Only the lines from the one with "Školsý zošit A5, 523" to the end of the data, both ends included, should be output, exactly as they stand and without pictures.

GIVEN MATERIAL
◆ ◆ ◆ ◆ ◆ ◆ ◆
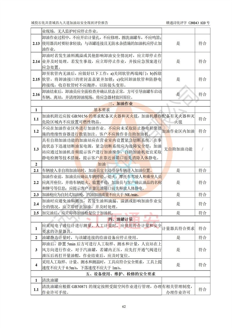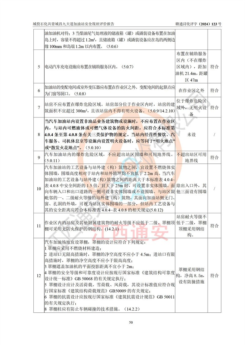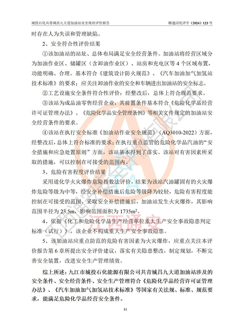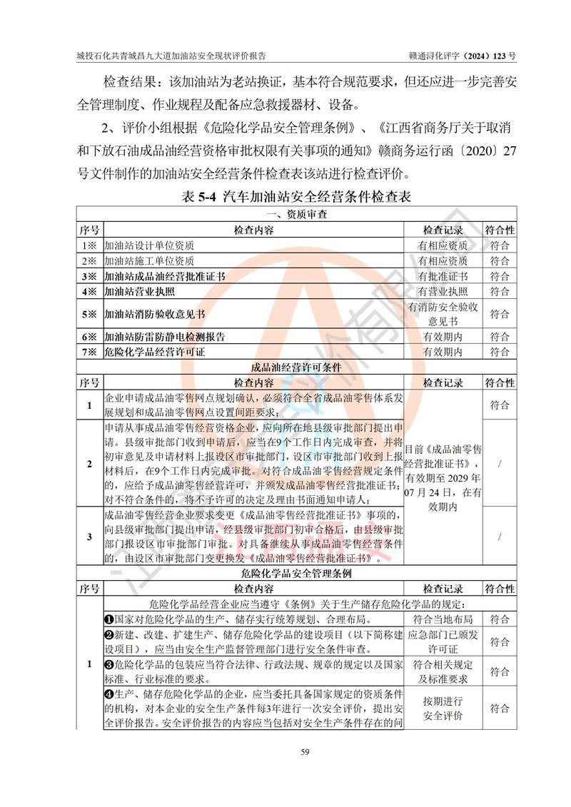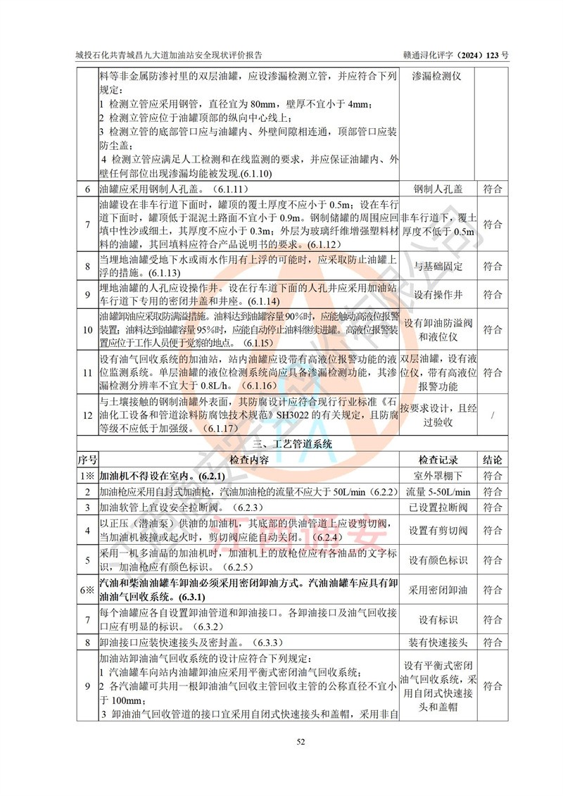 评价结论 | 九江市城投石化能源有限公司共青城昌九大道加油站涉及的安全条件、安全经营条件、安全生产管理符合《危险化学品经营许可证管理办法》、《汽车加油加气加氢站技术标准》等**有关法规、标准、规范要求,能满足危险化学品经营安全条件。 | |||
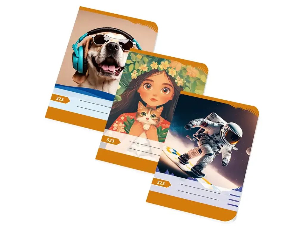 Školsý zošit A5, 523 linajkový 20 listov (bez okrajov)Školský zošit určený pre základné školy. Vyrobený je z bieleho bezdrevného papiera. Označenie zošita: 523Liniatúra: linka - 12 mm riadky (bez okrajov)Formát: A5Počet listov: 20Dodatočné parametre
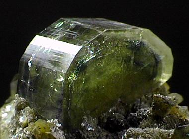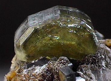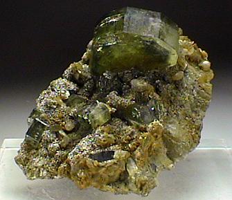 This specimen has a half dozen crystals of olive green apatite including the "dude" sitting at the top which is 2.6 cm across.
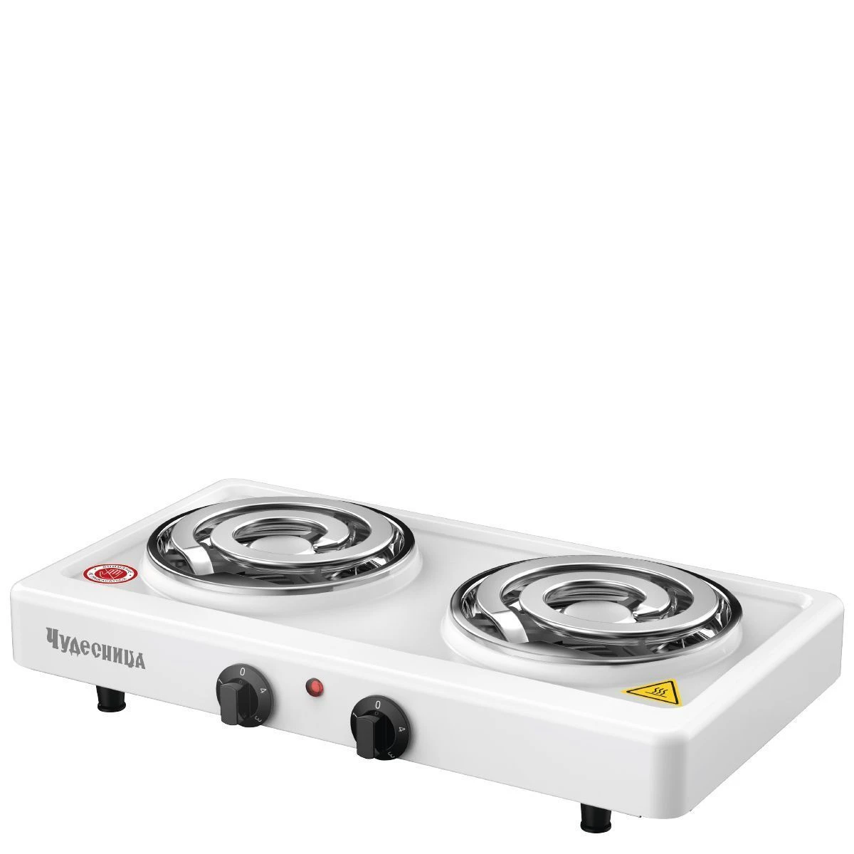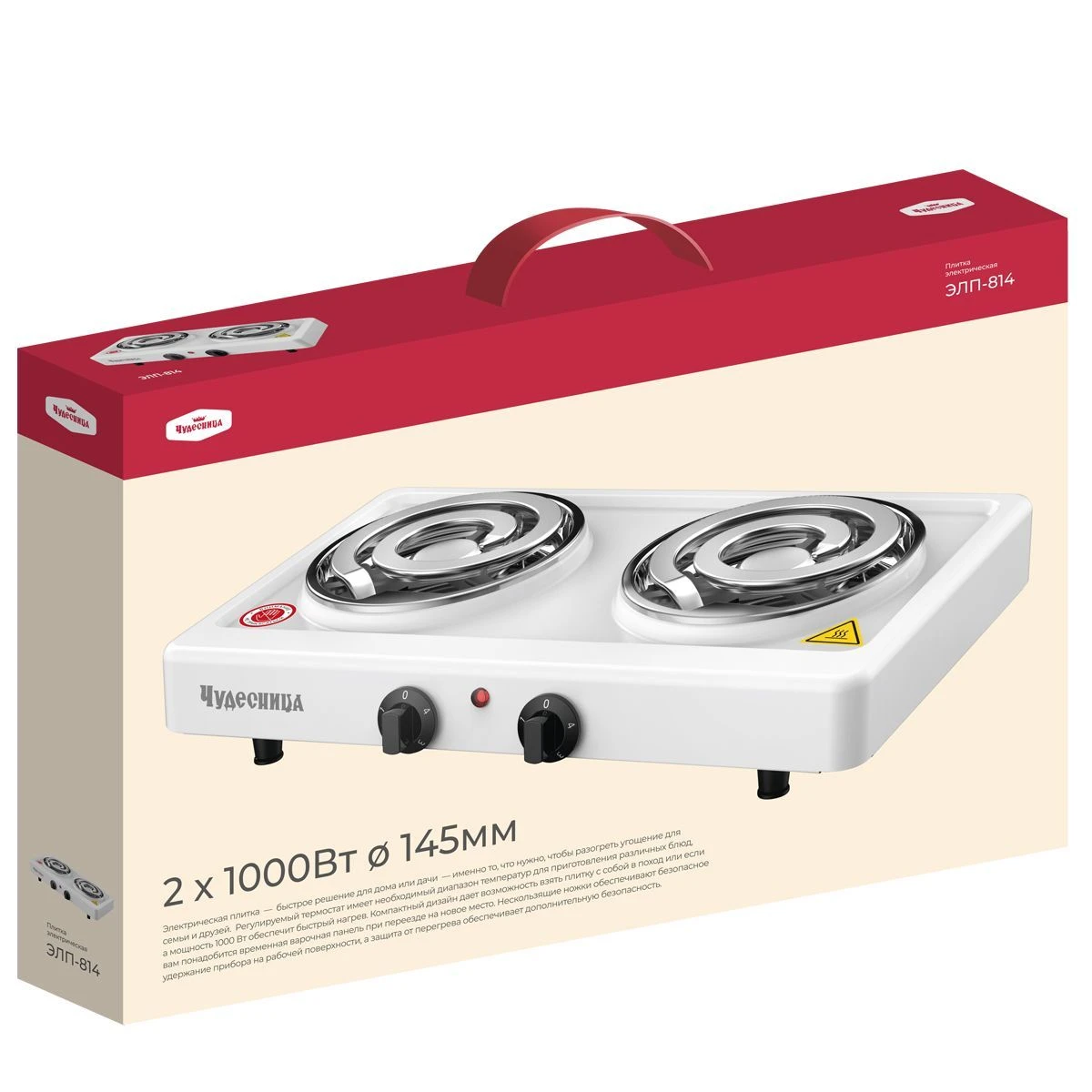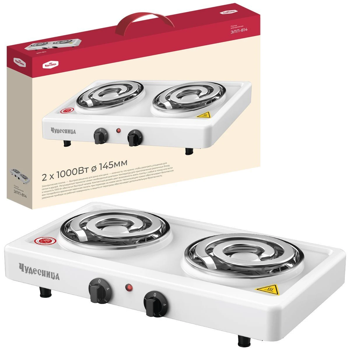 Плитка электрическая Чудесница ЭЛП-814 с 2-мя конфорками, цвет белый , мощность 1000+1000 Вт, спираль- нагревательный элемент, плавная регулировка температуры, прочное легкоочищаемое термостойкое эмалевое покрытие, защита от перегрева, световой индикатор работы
◆ ◆ ◆ ◆ ◆ ◆ ◆
ANSWER TO THIS EXERCISE
 Školsý zošit A5, 523 linajkový 20 listov (bez okrajov)Školský zošit určený pre základné školy. Vyrobený je z bieleho bezdrevného papiera. Označenie zošita: 523Liniatúra: linka - 12 mm riadky (bez okrajov)Formát: A5Počet listov: 20Dodatočné parametre
 This specimen has a half dozen crystals of olive green apatite including the "dude" sitting at the top which is 2.6 cm across.
 Плитка электрическая Чудесница ЭЛП-814 с 2-мя конфорками, цвет белый , мощность 1000+1000 Вт, спираль- нагревательный элемент, плавная регулировка температуры, прочное легкоочищаемое термостойкое эмалевое покрытие, защита от перегрева, световой индикатор работы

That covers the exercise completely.